In many large-scale video analysis scenarios, one is interested in localizing and recognizing human activities occuring in short temporal intervals within long untrimmed videos. Current approaches for activity detection still struggle to handle large-scale video collections and efficiently addressing this task remains elusive to our visual systems. This is in part due to the computational complexity of current action recognition approaches and the lack of methods that propose fewer intervals in the video, where activity processing can be focused. These set of candidate temporal segments are widely known as Action Proposals.
To be applicable at large-scales and in practical scenarios, a useful action proposal method is driven by two competing goals. (i) The proposal method must be computationally efficient, in representing, encoding, and scoring a temporal segment. (ii) The proposal method must be discriminative of activities that we are interested in, so as to only retrieve temporal segments that contain visual information indicative of these activity classes. Thus, this task is intended to push the state-of-the-art in action proposal generation algorithms forward.
For information related to this task, please contact: fabian.caba@kaust.edu.sa, humam.alwassel@kaust.edu.sa, victor.escorcia@kaust.edu.sa
The ActivityNet Version 1.3 dataset will be used for this challenge. The dataset consists of more than 648 hours of untrimmed videos from a total of ~20K videos.
It contains 200 different daily activities such as: 'walking the dog', 'long jump', and 'vacuuming floor'. The distribution among training, validation, and testing is ~50%
, ~25%
, and
25%
of the total videos respectively. The dataset annotations can be downloaded directly from here .
The evaluation code used by the evaluation server can be found here.
We use the area under the Average Recall vs. Average Number of Proposals per Video (AR-AN) curve as the evaluation metric for this task. A proposal is a true positive if it has a temporal intersection orver union (tIoU) with a ground-truth segment that is greater than that or equal to a given threshold (e.g, \( \text{tIoU} > 0.5 \)). AR is defined as the mean of all recall values using \( \text{tIoU} \) between \( 0.5 \) and \( 0.9 \) (inclusive) with a step size of \( 0.05 \). AN is defined as the total number of proposals divided by the number of videos in the testing subset. We consider 100 bins for AN, centered at values between 1 and 100 (inclusive) with a step size of 1, when computing the values on the AR-AN curve.
Let $$\text{AN}_{\text{submission}} = \frac{\text{total number of proposals in the submission file}}{\text{total number of videos in the testing subset}} $$ and \( \text{AN}_{\text{max}} \) be the maximum average number of proposals per video used in evaluation metric. Here, \( \text{AN}_{\text{max}} = 100 \). Let \( R = \frac{\text{AN}_{\text{max}}}{\text{AN}_{\text{submission}}} \), then we pre-process the submission file in the following way:
The resulting filtered submission file will have an \( \text{AN} = \text{AN}_\max \). For each value \( p \) from \( 1 \) to \( 100 \) in steps of \( 1 \), we compute \( AR \) using only the top scoring \( p \% \) proposals from each video, and add the resulting data point on the AR-AN curve. The area under the resulting final curve is then computed and reported as the metric score for the submission file.
We provide the results for a baseline proposal method (named Uniform Random) on the validation subset. Uniform Random: the center and length of each proposal are independently drawn from a uniform random distribution over the interval \( [0,d] \), where \( d \) is the video duration. This model scores \( 44.88\% \) on the metric described above.

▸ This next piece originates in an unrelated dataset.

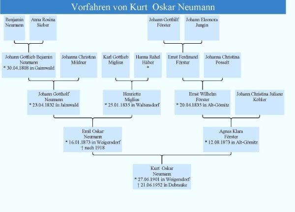 Eine eigene, familiäre Herleitung des Namens lässt sich bisher nicht ermitteln. Der Familienstamm lässt sich bisher auf Benjamin Neumann zurückführen, der um 1780 geboren sein dürfte. Seit dem Ausgang des 19. Jhdt. betreibt die Familie in Weigersdorf eine Bäckerei, die auf den Sohn Richard übergeht. Kurt Neumann, zieht mit seiner Ehefrau Helena Panig in das nur wenige Kilometer entfernte Kohlfurt und übernimmt dort ebenfalls eine Bäckerei, die er über den Krieg rettet, schlussendlich aber aufgeben muss.

The dashed lines are for the recall performance when averaging over a single tIoU threshold, while the solid line is the average recall across all \( \text{tIoU} \) thresholds. As we can see, the recall performance is high for the smaller tIoU thresholds like \( 0.5 \) and \( 0.6 \), but it drops drastically for higher \( \text{tIoU} \)thresholds such as \( 0.8 \) and \( 0.95 \). Therefore, for a proposal method to score high on the evaluation metric, it would need to focus on getting relatively high recall for both low and high tIoU thresholds. Further reading can be found in this notebook.
Please use the following JSON format when submitting your results for the challenge:
{
version: "VERSION 1.3",
results: {
"5n7NCViB5TU": [
{
score: 0.64,
segment: [24.25,38.08]
},
{
score: 0.77,
segment: [11.25, 19.37]
}
]
}
external_data: {
used: true, # Boolean flag. True indicates the use of external data.
details: "First fully-connected layer from VGG-16 pre-trained on ILSVRC-2012 training set", # This string details what kind of external data you used and how you used it.
}
}
The example above is illustrative. Comments must be removed in your submission. You can download here a sample submission file.